* _Stored data_:
- Opening Delimiter -
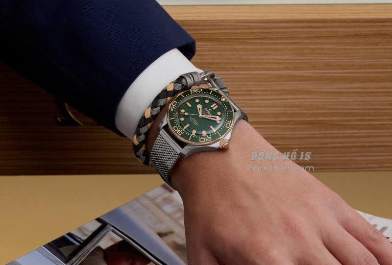 Điểm nhấn ấn tượng nhất chính là yếu tố màu xanh lá độc đáo. Vòng bezel xanh làm từ nhôm oxy hóa anodized axit oxalic, kỹ thuật đặc biệt giúp màu xanh trở nên rực rỡ và đa tầng, khác biệt so với bezel đồng hồ lặn truyền thống. Bezels được kết hợp với vạch chia độ lặn phủ lớp dạ quang Super-LumiNova phong cách cổ điển, giúp hiển thị rõ ràng trong điều kiện thiếu sáng, không chỉ hỗ trợ thợ lặn đọc giờ chính xác mà còn tăng thêm nét quyến rũ bí ẩn cho đồng hồ. Vật liệu bezel màu thường Rado luôn tự coi mình là ông vua, thì trên chiếc Omega này có lẽ chính Rado cũng sẽ cảm thấy rất vui vì hãng đã ứng dụng màu trên vật liệu nhôm rất đẹp.
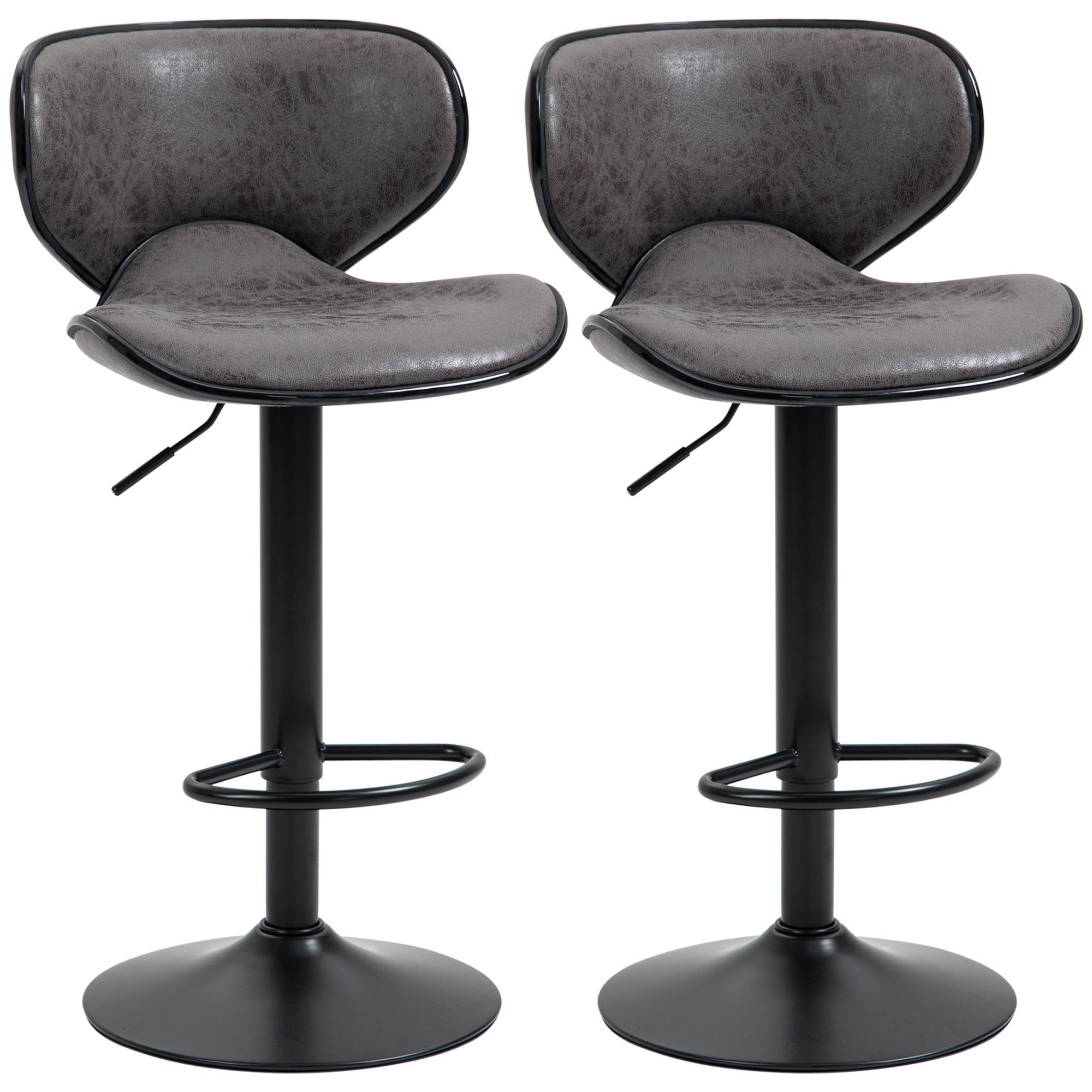 Bar Stool Set of 2 Microfiber Cloth Adjustable Height Armless Chairs with Swivel Seat, Dark Grey
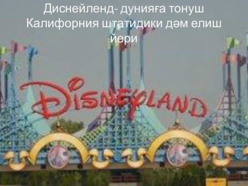 Слайд 40Диснейленд- дунияға тонуш Калифорния штатидики дәм елиш йери
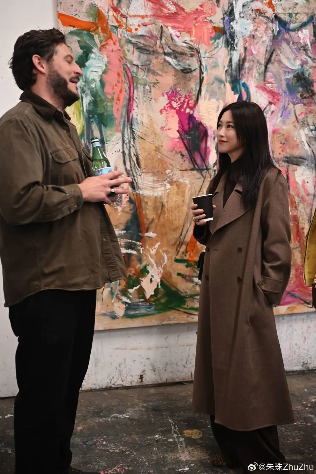 朱珠看展ootd搭配了深棕色大衣,相较于黑色,深棕色增添一份优雅与柔和,和高领内搭组合,自带文艺书生气~
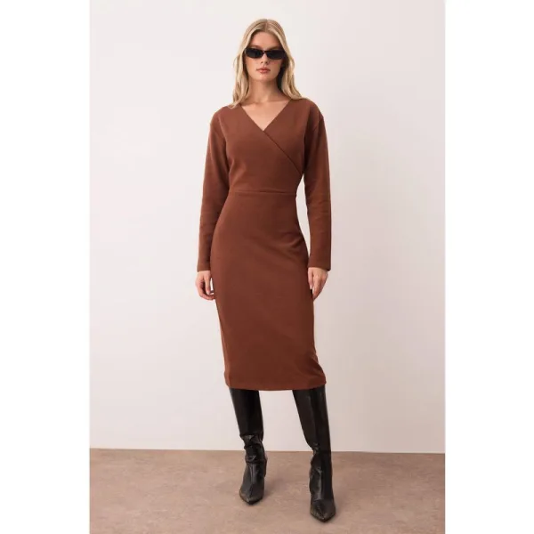 Damesjurk in bruin, plat model, midi-lengte, casual/bodycon model
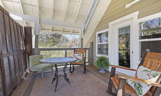 Located in downtown St. Francisville, Jasperilla Music Loft is an adorable loft located on an 8 acre family compound across from The St. Francisville Inn. You are only a 2 minute walk from popular restaurants, stores, and attractions. At the end the day, retreat to the loft and relax on your private, covered deck. The Jasperilla Pink House is just next door, offering an additional 2 bedrooms and a bath. Rented together, you can have 3 BR/2 BA.
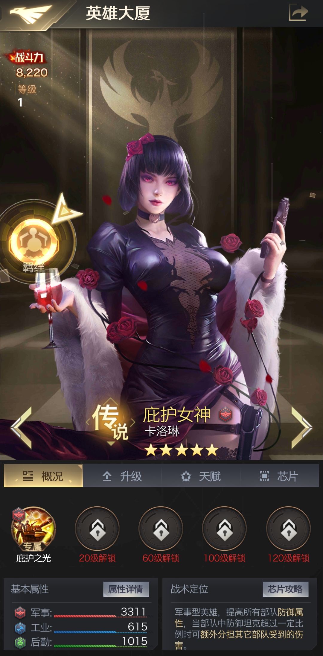 传说级英雄卡洛琳全新皮肤【紫裘夜影】今日上线!作为游戏中第一梯队的防御型英雄,卡洛琳拥有超凡的属性数值,极其适合防守。专属芯片技能“庇护之光”,可以转移战场伤害能量;防御坦克部队得以在吸收更多伤害的同时,进一步降低输出部队的损耗。搭配肉盾和输出流兵种阵容,可在战场上释放恐怖的能量!
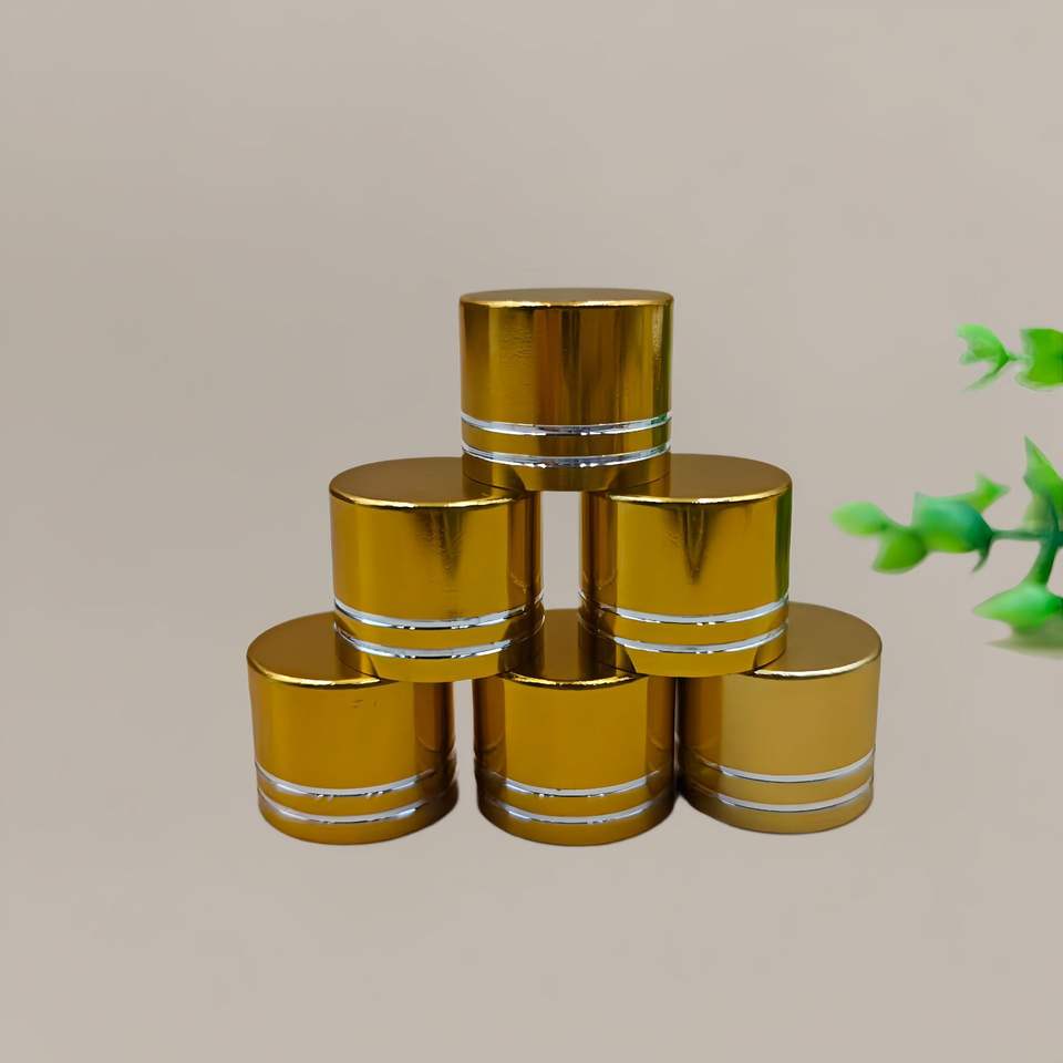 Tapas de Plástico Doradas de Doble Corte para Botellas de Crema y Aceites Esenciales, Varios Tamaños, Embalaje General, Logotipo Personalizado Disponible
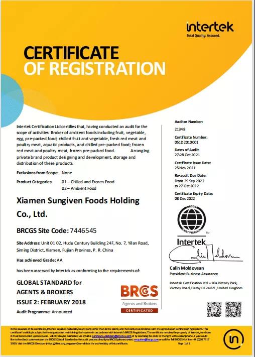 尽管认证品种繁多,但得益于元初从成立之初就一直坚持从高从严坚持产品高标准,坚持努力完善食品安全各个管控环节,经过10年的沉淀,在全体伙伴的努力下,在几个月内成功获得了BRCGS A级证书。
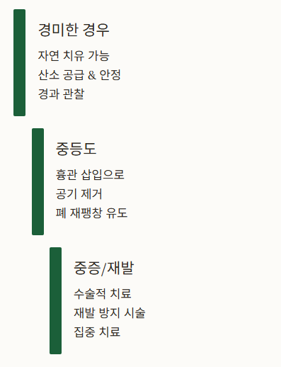 - 중증인 경우: 흉관 삽입으로 공기 제거, 폐 재팽창 유도
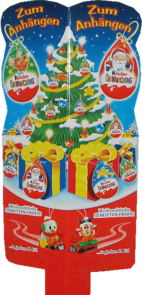 Der Kantenschoner zeigt, dass es die "Weihnachtlichen Schlitten-Profis" in diesen Ü-Eiern gibt. Damit sind die Schlitten-Profis im Adventskalender, im 4er Pack und in diesen schönen Ü-Eiern. Diese Ü-Eier können am Tannenbaum oder ans Geschenk angehängt werden. Unten auf dem Kantenschoner sind zwei Schlittenprofis zu sehen. Danke an Dina. "Angebote bei eBay"
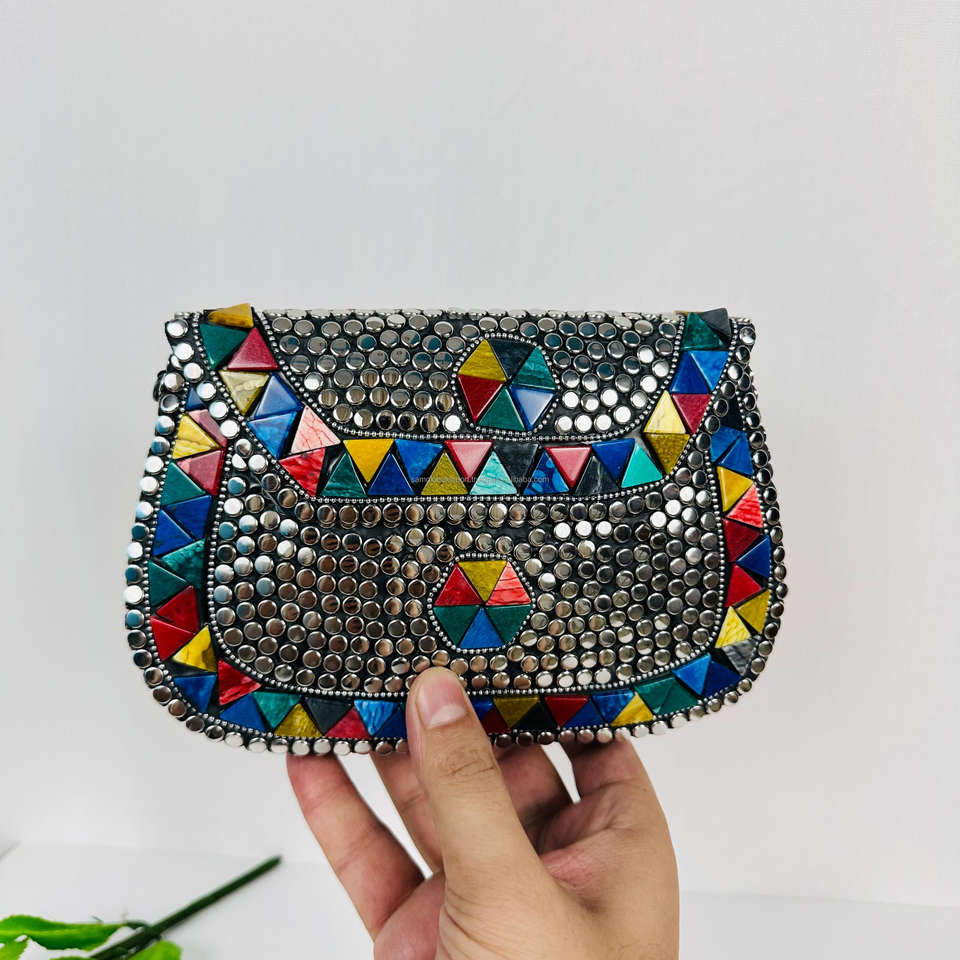 Handmade Modern Antique Women's Elegant Evening Gold-Plated Aluminium Beaded Clutch Bag Polished for Weddings & Parties
- Closing Delimiter -
* _What you are asked to do_: Return the entries above in full and unchanged, omitting every image.

* _Response below_:
 Điểm nhấn ấn tượng nhất chính là yếu tố màu xanh lá độc đáo. Vòng bezel xanh làm từ nhôm oxy hóa anodized axit oxalic, kỹ thuật đặc biệt giúp màu xanh trở nên rực rỡ và đa tầng, khác biệt so với bezel đồng hồ lặn truyền thống. Bezels được kết hợp với vạch chia độ lặn phủ lớp dạ quang Super-LumiNova phong cách cổ điển, giúp hiển thị rõ ràng trong điều kiện thiếu sáng, không chỉ hỗ trợ thợ lặn đọc giờ chính xác mà còn tăng thêm nét quyến rũ bí ẩn cho đồng hồ. Vật liệu bezel màu thường Rado luôn tự coi mình là ông vua, thì trên chiếc Omega này có lẽ chính Rado cũng sẽ cảm thấy rất vui vì hãng đã ứng dụng màu trên vật liệu nhôm rất đẹp.
 Bar Stool Set of 2 Microfiber Cloth Adjustable Height Armless Chairs with Swivel Seat, Dark Grey
 Слайд 40Диснейленд- дунияға тонуш Калифорния штатидики дәм елиш йери
 朱珠看展ootd搭配了深棕色大衣,相较于黑色,深棕色增添一份优雅与柔和,和高领内搭组合,自带文艺书生气~
 Damesjurk in bruin, plat model, midi-lengte, casual/bodycon model
 Located in downtown St. Francisville, Jasperilla Music Loft is an adorable loft located on an 8 acre family compound across from The St. Francisville Inn. You are only a 2 minute walk from popular restaurants, stores, and attractions. At the end the day, retreat to the loft and relax on your private, covered deck. The Jasperilla Pink House is just next door, offering an additional 2 bedrooms and a bath. Rented together, you can have 3 BR/2 BA.
 传说级英雄卡洛琳全新皮肤【紫裘夜影】今日上线!作为游戏中第一梯队的防御型英雄,卡洛琳拥有超凡的属性数值,极其适合防守。专属芯片技能“庇护之光”,可以转移战场伤害能量;防御坦克部队得以在吸收更多伤害的同时,进一步降低输出部队的损耗。搭配肉盾和输出流兵种阵容,可在战场上释放恐怖的能量!
 Tapas de Plástico Doradas de Doble Corte para Botellas de Crema y Aceites Esenciales, Varios Tamaños, Embalaje General, Logotipo Personalizado Disponible
 尽管认证品种繁多,但得益于元初从成立之初就一直坚持从高从严坚持产品高标准,坚持努力完善食品安全各个管控环节,经过10年的沉淀,在全体伙伴的努力下,在几个月内成功获得了BRCGS A级证书。
 - 중증인 경우: 흉관 삽입으로 공기 제거, 폐 재팽창 유도
 Der Kantenschoner zeigt, dass es die "Weihnachtlichen Schlitten-Profis" in diesen Ü-Eiern gibt. Damit sind die Schlitten-Profis im Adventskalender, im 4er Pack und in diesen schönen Ü-Eiern. Diese Ü-Eier können am Tannenbaum oder ans Geschenk angehängt werden. Unten auf dem Kantenschoner sind zwei Schlittenprofis zu sehen. Danke an Dina. "Angebote bei eBay"
 Handmade Modern Antique Women's Elegant Evening Gold-Plated Aluminium Beaded Clutch Bag Polished for Weddings & Parties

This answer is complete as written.